The secret to a healthy, nutrient-filled lunch is the 3-prong approach: vegetables, whole grains, and lean protein. Because vegetables are naturally super high in fiber, make veggies the largest portion of your lunch- at least 50% of your plate! Fiber is the “feel-full” nutrient, and, alongside the other fantastic vitamins and minerals you get in a big, colorful salad, almost any veggie combo is a healthy option for lunch. Whole grains add fiber while lean proteins provide an energy boost to help you feel fuller longer and survive the afternoon.

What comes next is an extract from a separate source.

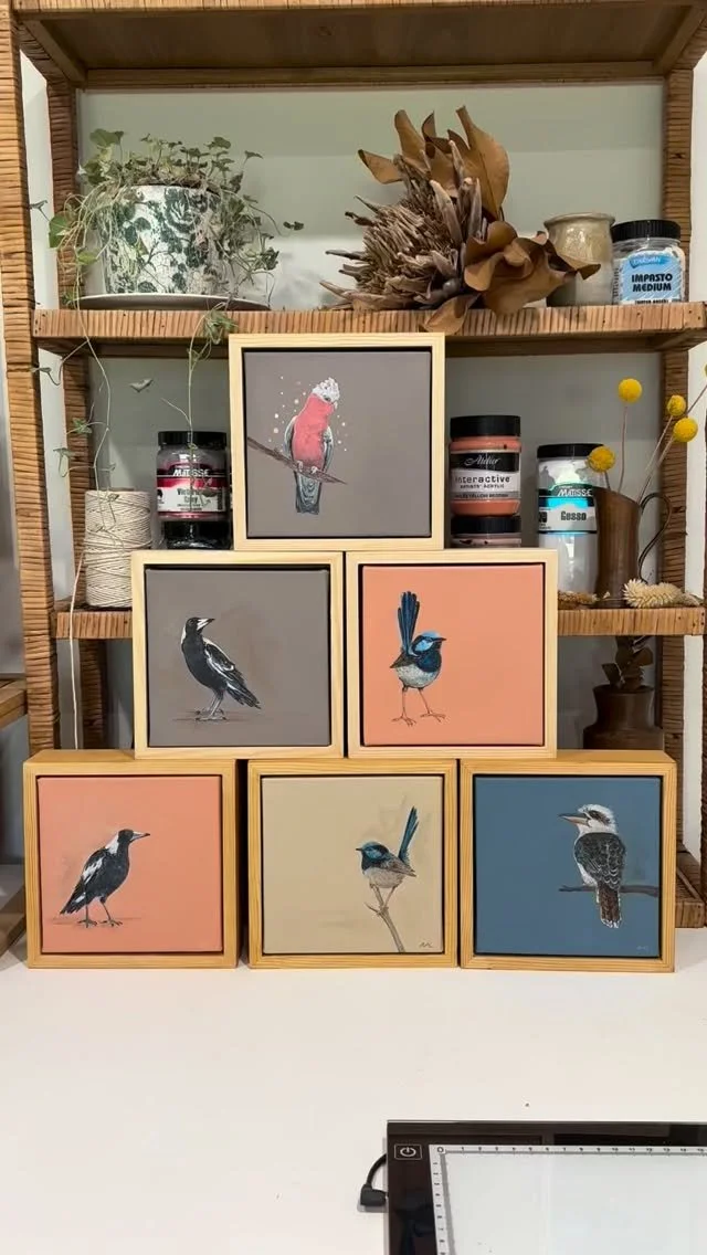 Working in her studio near the river, Rhian’s artworks are a reflection of the love she has for nature with a focus on Australian native birds and florals.

For a winning lunch, have a salad with grilled chicken or shrimp. Avoid any creamy dressings that can add unnecessary, saturated fat; instead, try a combo of balsamic vinegar and olive oil. No healthy dressing options in your pantry? Skip the dressing completely, and toss in a sliced avocado for a source of good fat that will help to fuel your body and keep your brain sharp. If salad isn’t your thing, opt for a deconstructed burrito with shredded chicken, beans, salsa, and brown rice served over a bed of sautéed veggies!

Satiated at Suppertime

For a healthy dinner without the guilt, a great trick is to start with a cup of soup or a small salad. A Penn State Study found that starting your meal with fiber-rich or water-based foods can reduce your overall calorie intake by 12%. If your main meal is under 500 calories, you will keep your portions moderate while still feeling satiated. And remember, one-quarter of your dinner plate should be lean protein, (i.e., chicken or fish) and, like lunch, one-half should be vegetables or salad. The last quarter can be good carbs such as a small, baked sweet potato or pearled barley.

Everything in Moderation!

Dessert gets a bad rap, but you can indulge in your favorite foods once in awhile as long as you don’t go overboard. The name of the game is moderation! If you want a chocolate square, a cookie, or a scoop of gelato, then have one…..just don’t have ten! You don’t want to ruin all the healthy choices you made during the day, but a small treat can be good for your soul!

Eating right is a journey, but it doesn’t mean you have to live in a constant state of deprivation. A little meal planning goes a long way to help healthfully power your body and keep you feeling energized and satisfied all day long!

What have you done to make healthy eating a regular part of everyday?